Changelog
=========
Important UPDATE:
As of February 2023, the overcomingbias blog has moved to substack.
As a result, this web scraper no longer works.
Apologies for the inconvenience!
Versions follow the `Semantic Versioning 2.0.0 `_
standard.
obscraper 0.8.2 (2022-12-17)
****************************
Improvements
############
- Build with hatchling.
obscraper 0.8.1 (2022-07-07)
****************************
Improvements
############
- Use HTTP/2 client for improved performance.
obscraper 0.8.0 (2022-05-27)
****************************
Improvements
############
- No longer fail for posts where comments appear to be disabled. (I.e. posts without a
``disqus_id``.) This applies to 4 posts:
- ``2007/12/welcome-to-overcoming-bias``
- ``2008/08/about-the-future-of-humanity-institute``
- ``2008/08/yudkowskys-book``
- ``2009/02/the-most-important-thing``
Trivial/Internal Changes
########################
- Use absolute rather than relative imports for clarity.
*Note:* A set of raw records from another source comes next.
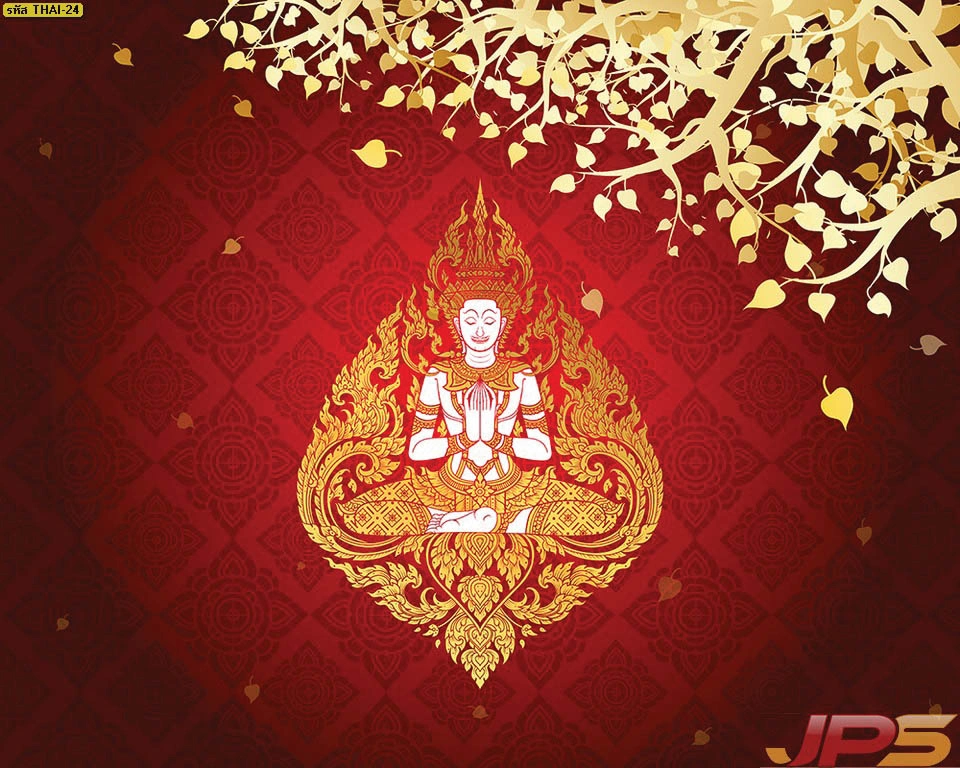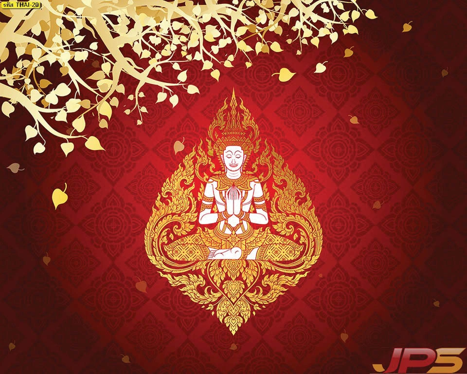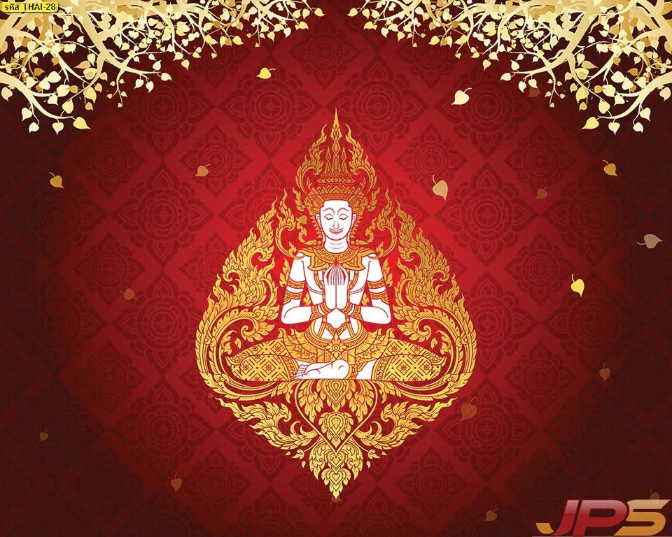 วอลเปเปอร์เทพพนมโทนสีแดงมงคลคู่ใบโพธิ์ทอง สั่งทำขนาดได้ตามต้องการเพื่อความโดดเด่น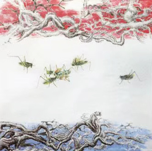 他另辟蹊径,吸收了西画的构成元素,在对称中求不对称,在矛盾中求统一。画面上做加减法,加处不能再加,减处不能再减,使画面既险又安,既冲突又平和。构图中的一根线、一块墨,与空间存在都趋向完美,工细处纤毫毕现。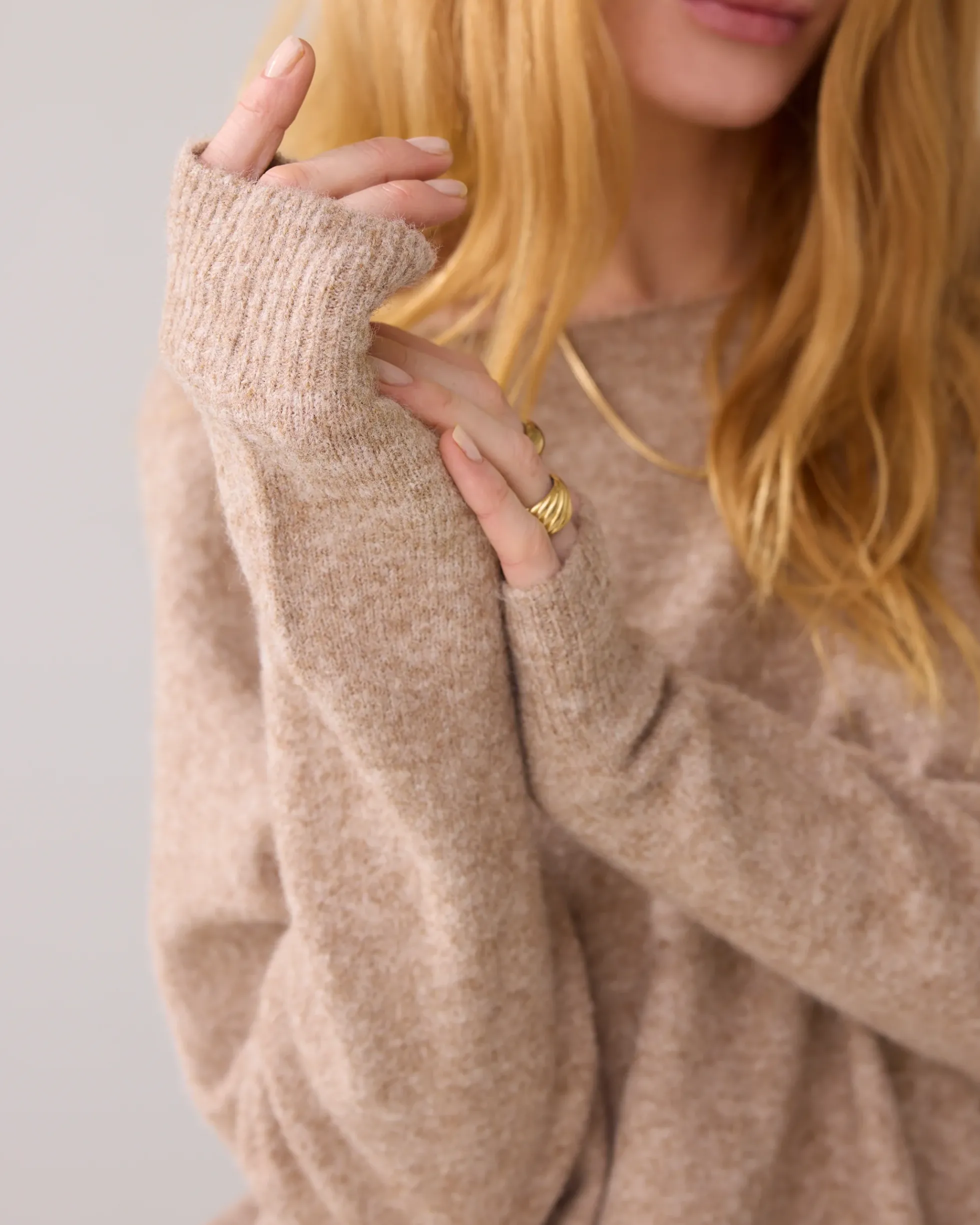Wide boat-neck jumper with a generous fit on the body, knitted in a yarn blend. The sleeves have a regular fit.

obscraper 0.7.0 (2022-03-14)
****************************
Breaking changes
################
- Post ``name`` is now formatted without the leading slash. E.g.:
- Before: /2009/02/the-most-important-thing
- After: 2009/02/the-most-important-thing
Bug fixes
#########
- Fixed small bug matching URLs in regular expressions.
obscraper 0.6.0 (2022-03-11)
****************************
Breaking changes
################
- Updated API: the ``internal_links`` and ``external_links`` attributes of
:ref:`Post ` are now lists (possibly containing duplicates) rather than
dictionaries.
obscraper 0.5.0 (2022-02-10)
****************************
Major update.
Improvements
############
- Asynchronous execution: internals now execute requests and postprocessing
asynchronously using `trio `_. This is at least
10% faster than the previous multithreaded version.
- Improved tests: migrated all tests to pytest. Added more systematic testing of random
posts.
- Sessions: internals now use (asynchronous) sessions, reducing the load on the
overcomingbias server and increasing download speed.
Breaking changes
################
- Updated interface for consistency and clarity:
- ``grab_edit_dates`` is now :ref:`get_edit_dates `
- ``get_votes`` and ``get_comments`` are now :ref:`get_vote_counts `
and :ref:`get_comment_counts `
- Updated behaviour of :ref:`get_all_posts ` to return None when the post
could not be retrieved.
- Removed outdated ``max_workers`` argument from public API functions.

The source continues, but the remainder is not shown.